Trump announces new impeachment legal team

The former president's trial is scheduled to start the week of Feb. 8.

This is Day 12 of the administration of President Joe Biden and Vice President Kamala Harris.


Biden withdraws Trump freeze to some government program funding

President Joe Biden is again undoing actions undertaken by the Trump administration. In a letter to House Speaker Nancy Pelosi Sunday, Biden announced he was withdrawing 73 proposed rescissions previously sent to Congress by former President Donald Trump on Jan. 14.

The action would unfreeze $27.4 billion in cuts to previously approved funding for government programming.
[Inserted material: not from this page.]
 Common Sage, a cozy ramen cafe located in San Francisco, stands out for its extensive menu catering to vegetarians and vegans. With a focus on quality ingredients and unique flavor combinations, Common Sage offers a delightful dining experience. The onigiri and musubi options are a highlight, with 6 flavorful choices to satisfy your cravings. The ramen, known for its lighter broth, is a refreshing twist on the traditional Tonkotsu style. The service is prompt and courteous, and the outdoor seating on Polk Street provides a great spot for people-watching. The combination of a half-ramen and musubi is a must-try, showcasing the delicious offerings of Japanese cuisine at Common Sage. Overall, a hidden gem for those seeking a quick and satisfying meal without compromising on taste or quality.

"The withdrawals are for the Departments of Agriculture, Commerce, Education, Energy, Health and Human Services, Homeland Security, the Interior, Justice, Labor, State, and the Treasury, as well as the African Development Foundation, the Commission of Fine Arts, the Corporation for National and Community Service, the District of Columbia, the Environmental Protection Agency, the Inter-American Foundation, the Millennium Challenge Corporation, the National Endowments for the Arts and Humanities, the National Gallery of Art, the Peace Corps, the Presidio Trust, the United States Agency for International Development, the United States Army Corps of Engineers, the Woodrow Wilson International Center for Scholars, and the Legislative Branch," according to a statement from the Biden administration.

-ABC News' Molly Nagle


Trump announces new impeachment legal team

A day after all five of former President Donald Trump's impeachment legal team quit, a new team has been selected.

Trial lawyers David Schoen and Bruce L. Castor, Jr. will lead his impeachment defense team, according to a statement from Trump Sunday.
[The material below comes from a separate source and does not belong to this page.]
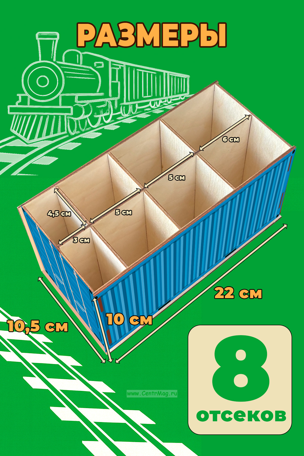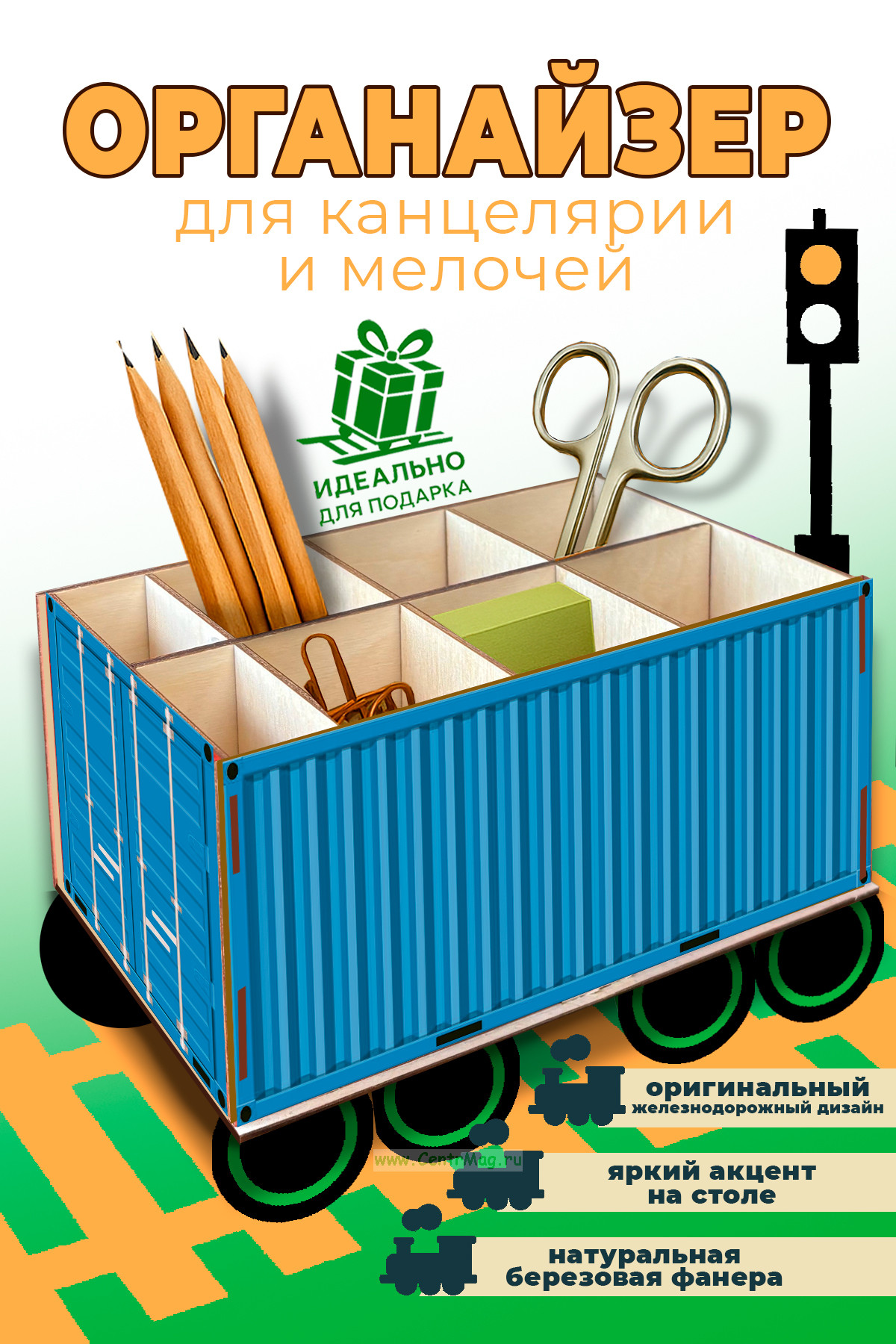 Стильный и функциональный органайзер в виде миниатюрного железнодорожного контейнера поможет навести порядок на столе и станет эффектным акцентом интерьера. Подходит для канцелярии и школьных принадлежностей, мелочей и аксессуаров.

“It is an honor to represent the 45th President, Donald J. Trump, and the United States Constitution,” Schoen said in a statement.

“I consider it a privilege to represent the 45th President. The strength of our Constitution is about to be tested like never before in our history. It is strong and resilient," Castor added. "A document written for the ages, and it will triumph over partisanship yet again, and always.”

Trump's former team, which was led by South Carolina lawyer Butch Bowers, resigned in part because of disagreements over how to mount Trump’s defense, sources told ABC News. The lawyers had planned to argue the constitutionality of holding a trial given Trump is now a former president.

The Senate trial is scheduled to begin on the week of Feb. 8.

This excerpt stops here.